So… the concept of ‘cloud gaming’ has been around for a while now. Years, actually, several – including Vortex, LiquidSky and Snoost – readily available for playing video games from the comfort of your browser, freeing users from lengthy installations/downloads and overpriced AAA titles. But what about something more indie-centric? This is where recently launched Jump comes into play (get it?), focusing entirely on indie games – which already makes it better than the competition, in my books. Oh, and it already features some genuinely groovy titles!
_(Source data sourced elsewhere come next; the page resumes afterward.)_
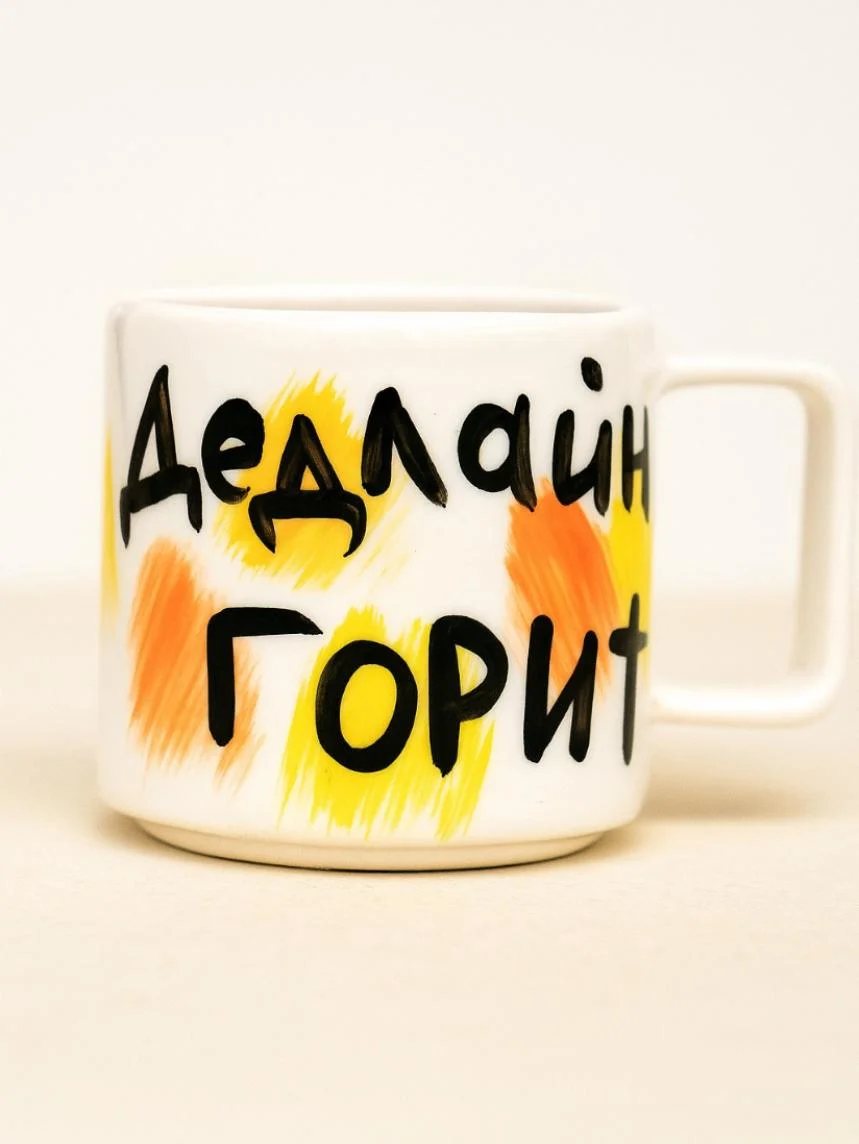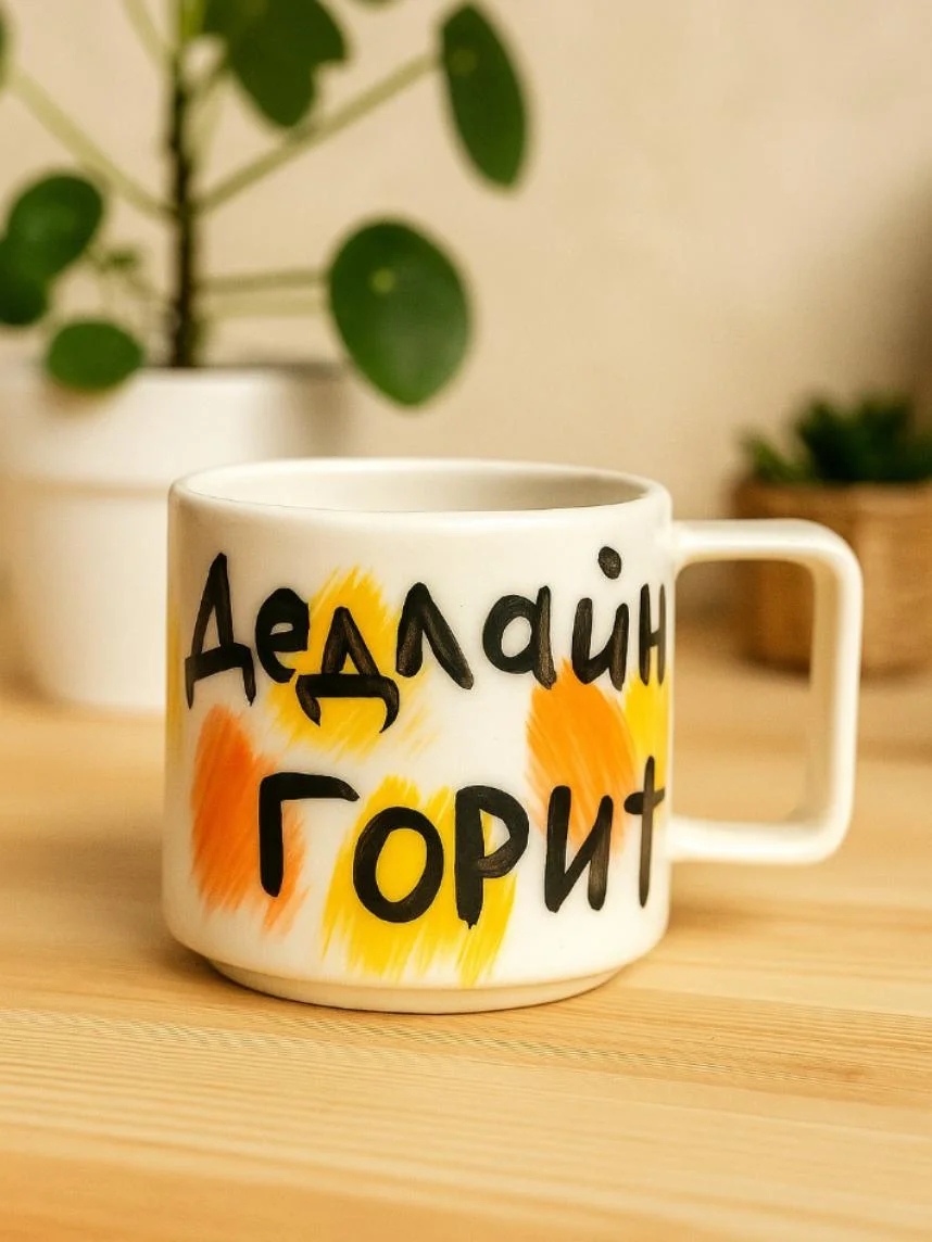 Кружка ручной работы РУКИ В ГЛИНЕ «Дедлайн горит», жёлтая, керамика, 350 мл
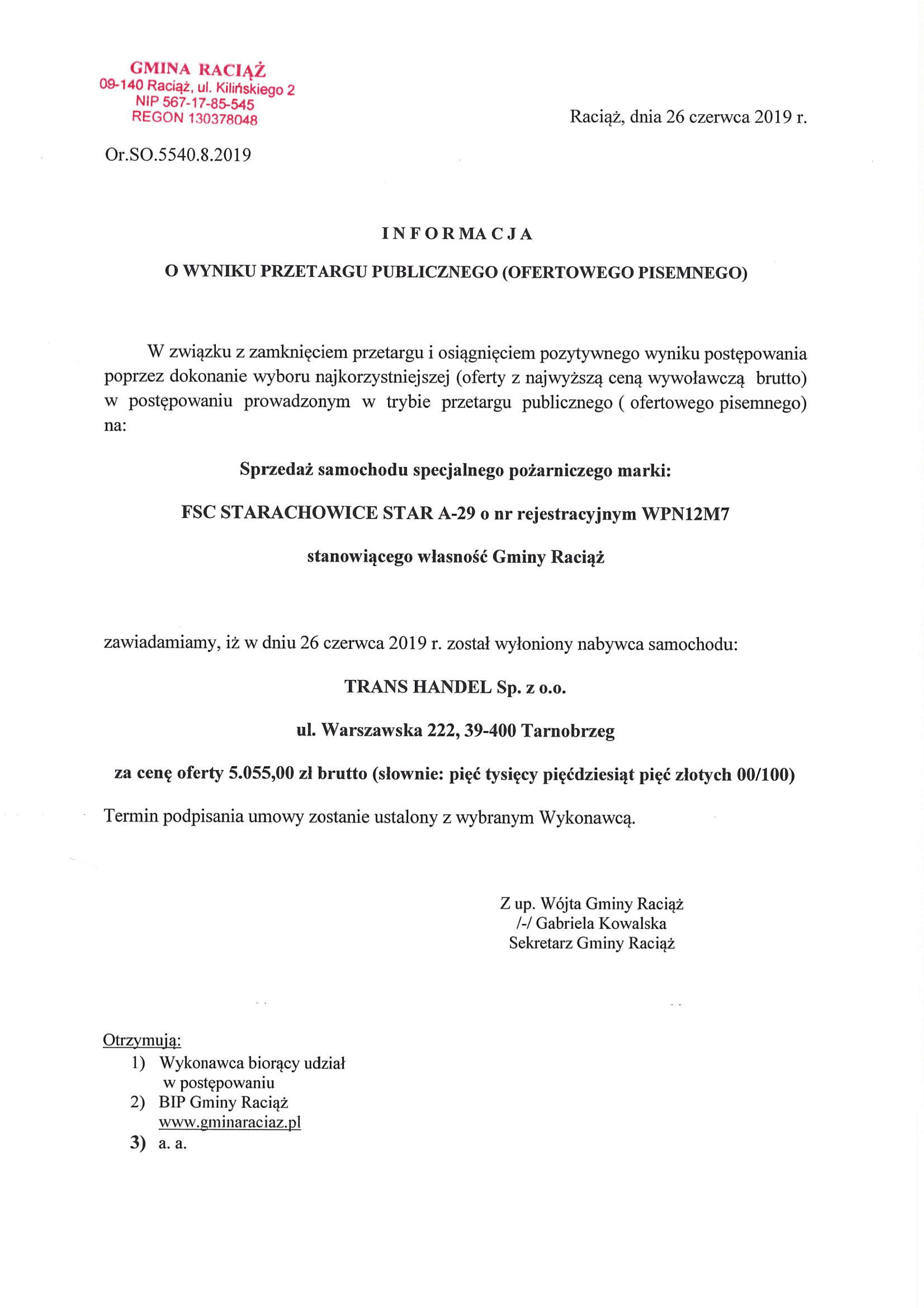 Informacja o wyniku przetargu publicznego (ofertowego pisemnego)
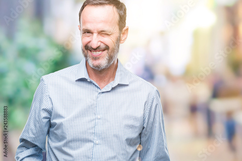 Middle age hoary senior business man over isolated background winking looking at the camera with sexy expression, cheerful and happy face.
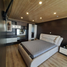 Номер рассчитан на комфортное размещение 2-5 человек. В номере есть отдельный санузел. Вода, как холодная, так и горячая подается круглосуточно и бесперебойно. Нагрев воды обеспечивается бойлерами достаточной мощности, чтобы в любое время суток не испытывать дискомфорта. Номер имеет широкие окна и просторный балкон, откуда открывается шикарный вид. Две отдельные комнаты, своя кухня. Санузел в номере. Гостиная. Если Вы приехали компанией либо привыкли чувствовать себя, как дома, имея все под рукой, то этот номер для Вас.
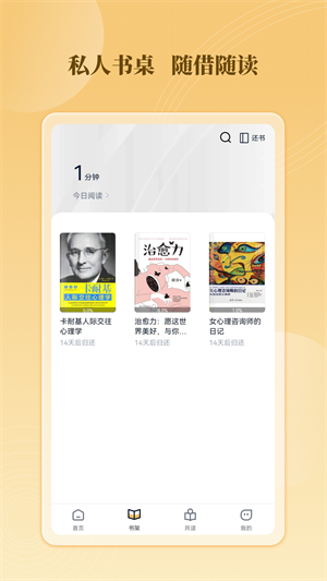- 每天在線借書、還書,用簡單操作便捷操作,手機就能輕松完成借書還書操作;
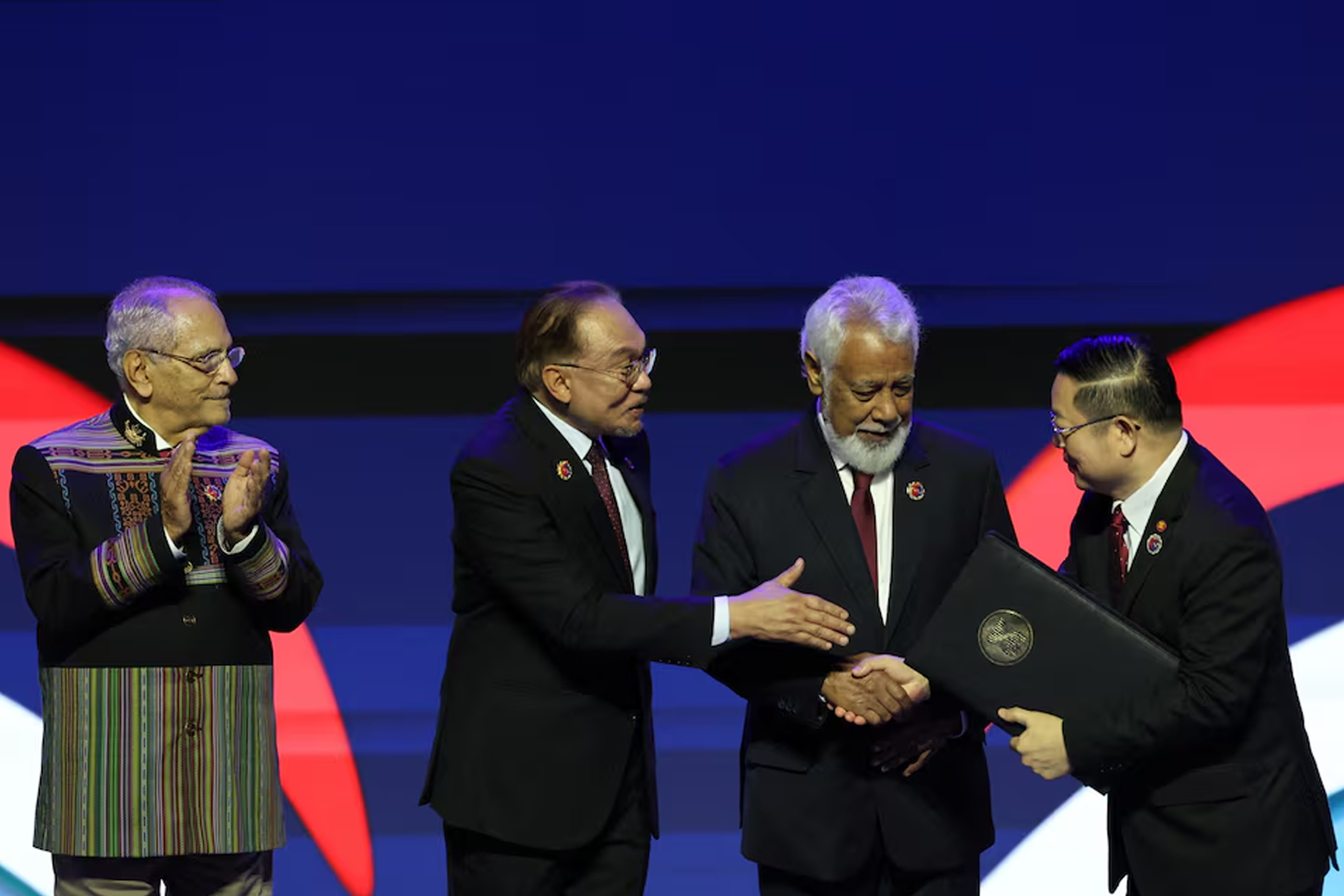 အရှေ့တောင်အာရှနိုင်ငံများအသင်း (အာဆီယံ) ရဲ့ အောက်တိုဘာ ၂၆ ရက်က ကွာလာလမ်ပူမှာ ကျင်းပတဲ့ ထိပ်သီးအစည်းအဝေးဖွင့်ပွဲမှာ အာဆီယံခေါင်းဆောင်တွေက အာရှတိုက်ရဲ့ သက်တမ်းအငယ်ဆုံးနိုင်ငံဖြစ်တဲ့ အရှေ့တီမောနိုင်ငံကို အာဆီယံဝင်ရောက်ခွင့် တရားဝင် အတည်ပြုခဲ့ပြီးနောက်မှာ အရှေ့တီမောဟာ ၁၁ နိုင်ငံမြောက် အာဆီယံအဖွဲ့ဝင် ဖြစ်လာခဲ့ပါပြီ။
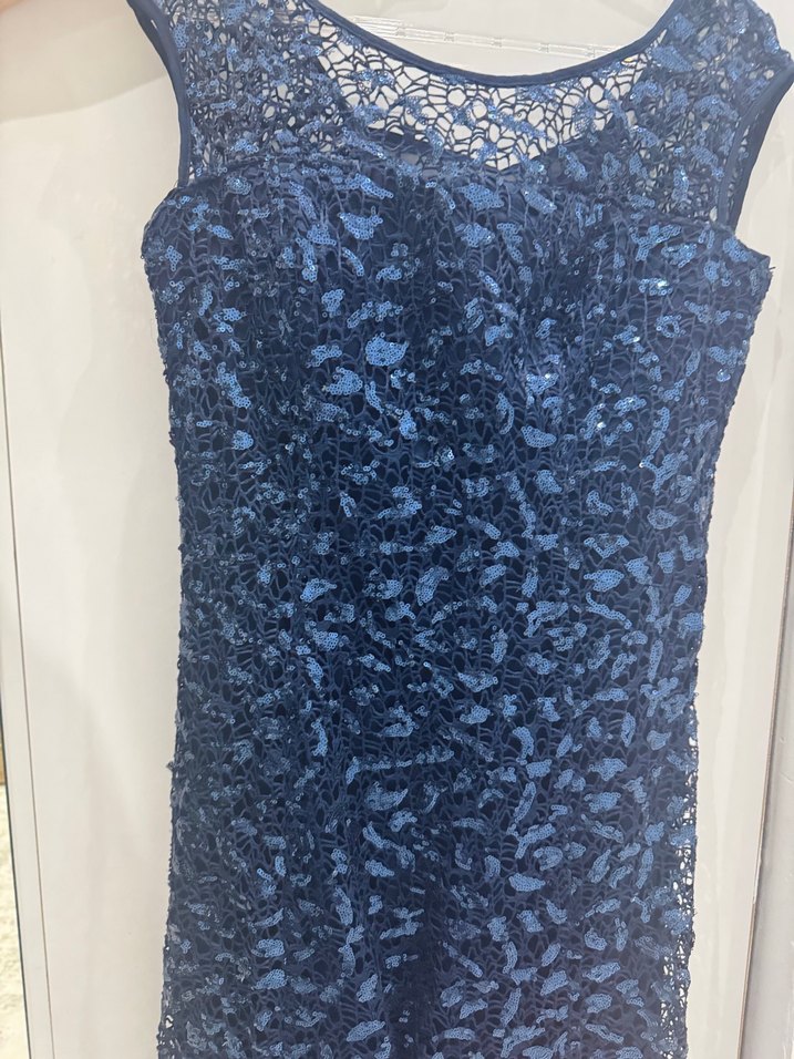Kolsuz,V yaka, işlemeli dantel detaylı, lacivert uzun ve vücuda oturan abiye elbisedir. Etiketi 46 beden ancak 42-44 bedene uyumludur.
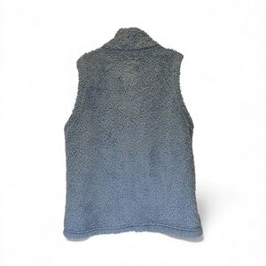 Cozy blue fleece vest with zip closure. Perfect for layering.
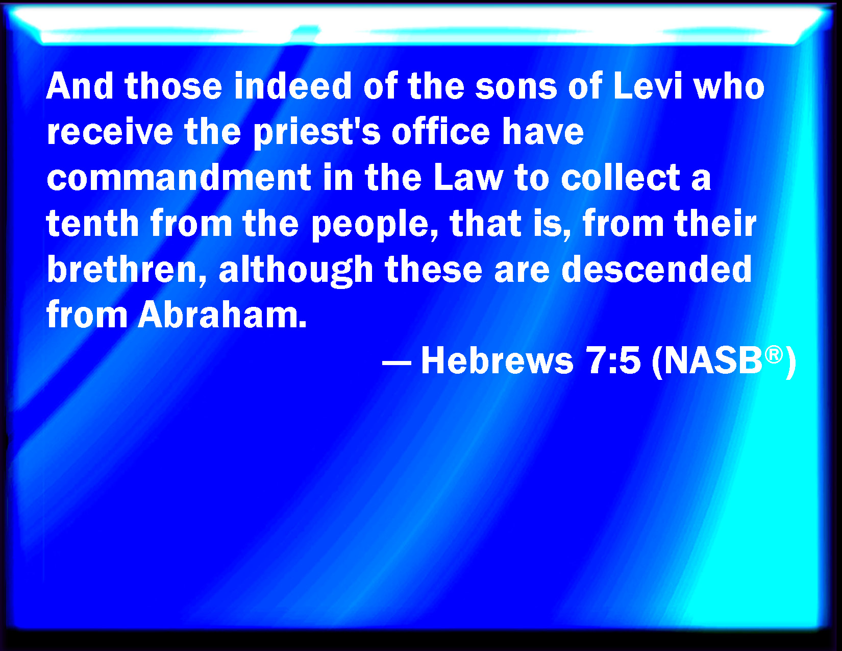 Bible Verse Slide Hebrews 7:5 And truly they that are of the sons of Levi, who receive the office of the priesthood, have a commandment to take tithes of the people according to the law, that is, of their brothers, though they come out of the loins of Abraham: KJV: And verily they that are of the sons of Levi, who receive the office of the priesthood, have a commandment to take tithes of the people according to the law, that is, of their brethren, though they come out of the loins of Abraham: DRB: And indeed they that are of the sons of Levi, who receive the priesthood, have a commandment to take tithes of the people according to the law, that is to say, of their brethren: though they themselves also came out of the loins of Abraham. DBT: And they indeed from among the sons of Levi, who receive the priesthood, have commandment to take tithes from the people according to the law, that is from their brethren, though these are come out of the loins of Abraham: ERV: And they indeed of the sons of Levi that receive the priest's office have commandment to take tithes of the people according to the law, that is, of their brethren, though these have come out of the loins of Abraham: WBT: And verily they that are of the sons of Levi, who receive the office of the priesthood, have a commandment to take tithes from the people according to the law, that is, from their brethren, though they come from the loins of Abraham: WEB: They indeed of the sons of Levi who receive the priest's office have a commandment to take tithes of the people according to the law, that is, of their brothers, though these have come out of the body of Abraham, YLT: and those, indeed, out of the sons of Levi receiving the priesthood, a command have to take tithes from the people according to the law, that is, their brethren, even though they came forth out of the loins of Abraham;Links Hebrews 7:5 NIV • Hebrews 7:5 NLT • Hebrews 7:5 ESV • Hebrews 7:5 NASB • Hebrews 7:5 KJV • Hebrews 7:5 Interlinear • Hebrews 7:5 Commentaries • Hebrews 7:5 Parallel Texts • Hebrews 7:5 Bible Apps • Hebrews 7:5 Parallel • Bible Hub |
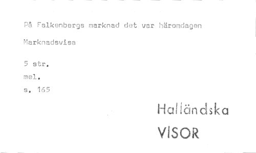 //// På Falkenbergs marknad det var häromdagen Marknadsvisa //// 5 str. mel. //// s. 165 //// Haliändska //// VISOR ////
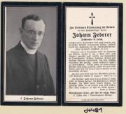 Abstract: Sterbebild von Johann Federer, Frühmesser in Latsch Geb. am 08.12.1893 in Unterinn am Ritten, gest. am 06.09.1932 mit Foto

Seeing how the platform comes with a lovely 14-day free trial for new members (as has fortunately become the norm for all things streaming/cloud gaming), I jumped right in and played some Conga Master. Didn’t know much about the game and next-to-nothing about Jump itself, which is probably the best way to sample something like this. Or is it?
Jump delivers the best possible gaming experience via its HyperJump technology that delivers games without video streaming, which is typically plagued by lag and other issues. Jump was built using an innovative technique that provides quick loading with minimal download space required.
Well, either way, after about thirty seconds I was roaming the dance floor, getting my groove on, very slowly attracting the attention of nearby party-goers. With a bit of patience, this particular tactic did eventually result in me leading a rather lengthy conga line around, doing my best to avoid bumping into anyone (as that’d be rude, ya know?). Zero issues running – or playing – the game, at all, in spite of being on slightly spotty wi-fi. Color me impressed.
Following that, I ‘installed’ Teslagrad (review) to test something a bit more taxing; both on my hardware and on how long it’d take to actually install the Steam version, compared to a low-fi title like Conga Master. Same deal: less than a minute and I was ready to run and leap across rooftops, well on my way to manipulating magnetism. Except I didn’t get that far because… had to get back to the article. But my point remains: prep times for games on Jump are amazingly brief, and the games themselves run great too.
Now, as far as the platform itself goes, after the 14-day trial, you’re looking at $9.99/month for access to an ever-growing library of quality indie games, new and old. And by ‘ever-growing’ I mean that we can expect “approximately 6-10 new games each month”. On the topic of money, based on info from the ‘account’ section on the website, 70% for developers, 30% for Jump. So far, so good, right? Oh you bet! In fact, the only beef I have with Jump, at the time of writing, is that the desktop client is a tad wonky. But I’m sure its issues will be fixed eventually, and browser support is a perfectly viable alternative until they are.
Update: edits to clarify exactly what Jump is.